Problem statement: Report the count of lines in the records below that hold the word "Figure", omitting everything but the number.

Records provided:
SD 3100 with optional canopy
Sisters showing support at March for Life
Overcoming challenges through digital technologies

--

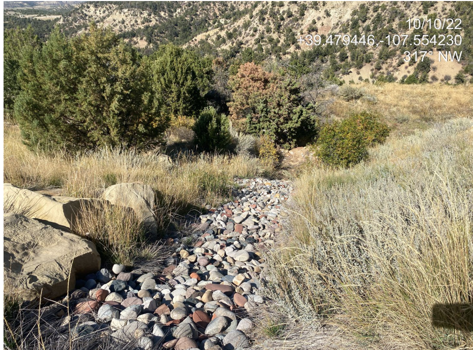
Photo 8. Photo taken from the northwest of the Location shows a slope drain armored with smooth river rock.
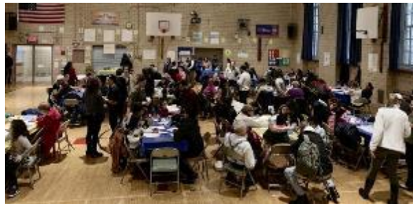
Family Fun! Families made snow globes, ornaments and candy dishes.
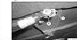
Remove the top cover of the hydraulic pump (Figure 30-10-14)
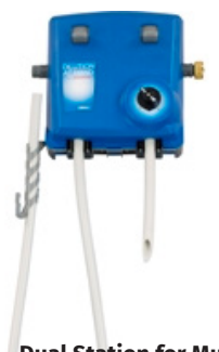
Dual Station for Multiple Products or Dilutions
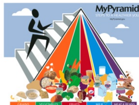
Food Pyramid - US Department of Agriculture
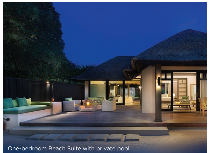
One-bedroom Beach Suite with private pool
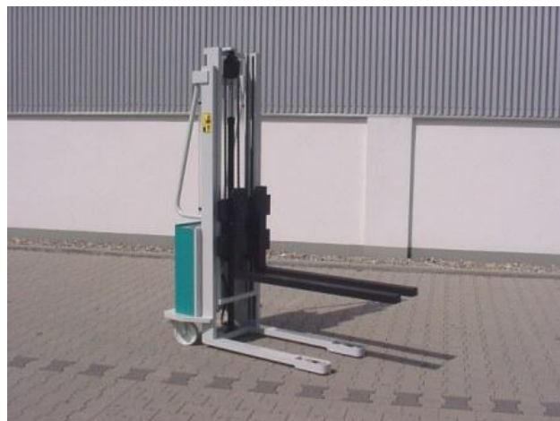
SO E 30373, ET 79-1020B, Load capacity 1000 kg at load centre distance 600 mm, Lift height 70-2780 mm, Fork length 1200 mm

...

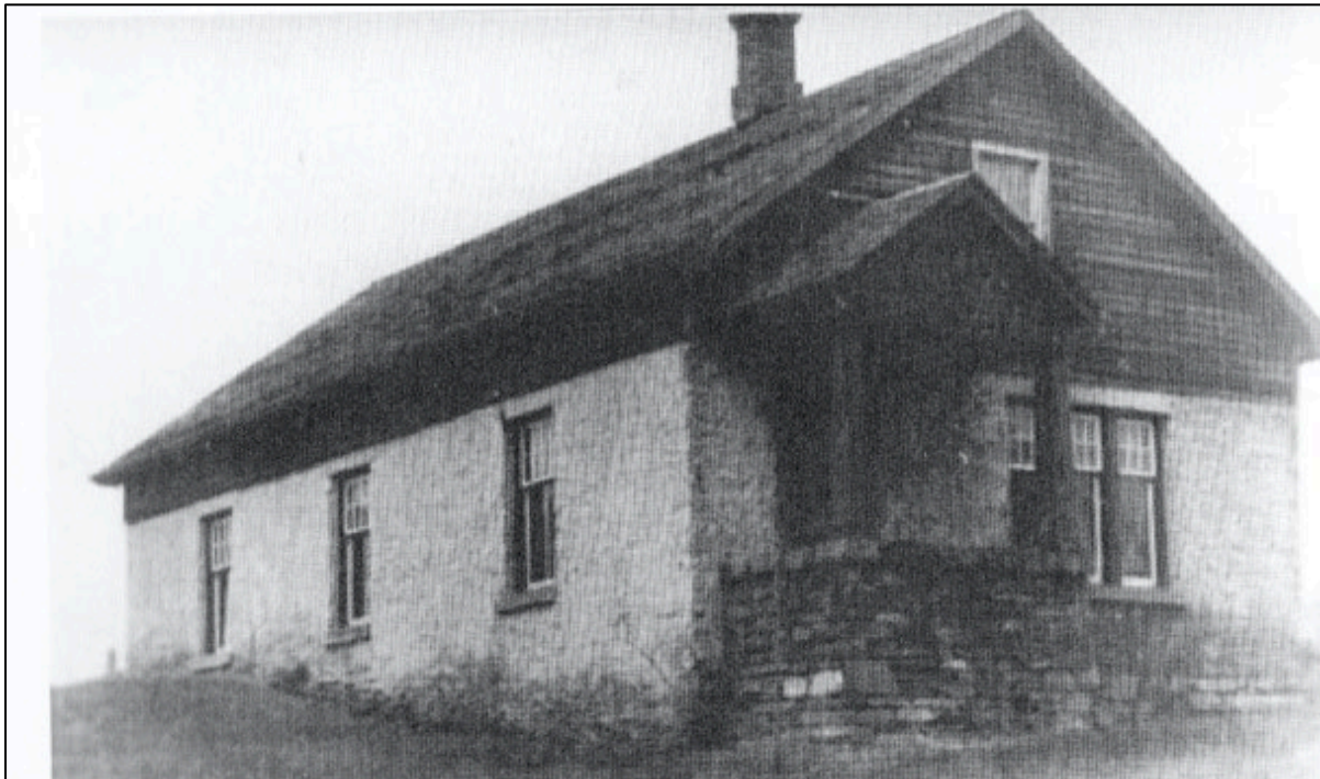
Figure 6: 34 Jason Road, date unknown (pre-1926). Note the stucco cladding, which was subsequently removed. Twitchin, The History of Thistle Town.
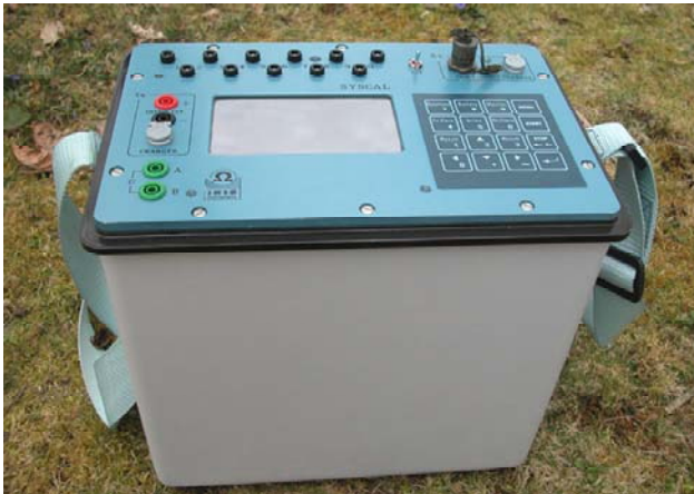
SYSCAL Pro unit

Answer to this problem: 2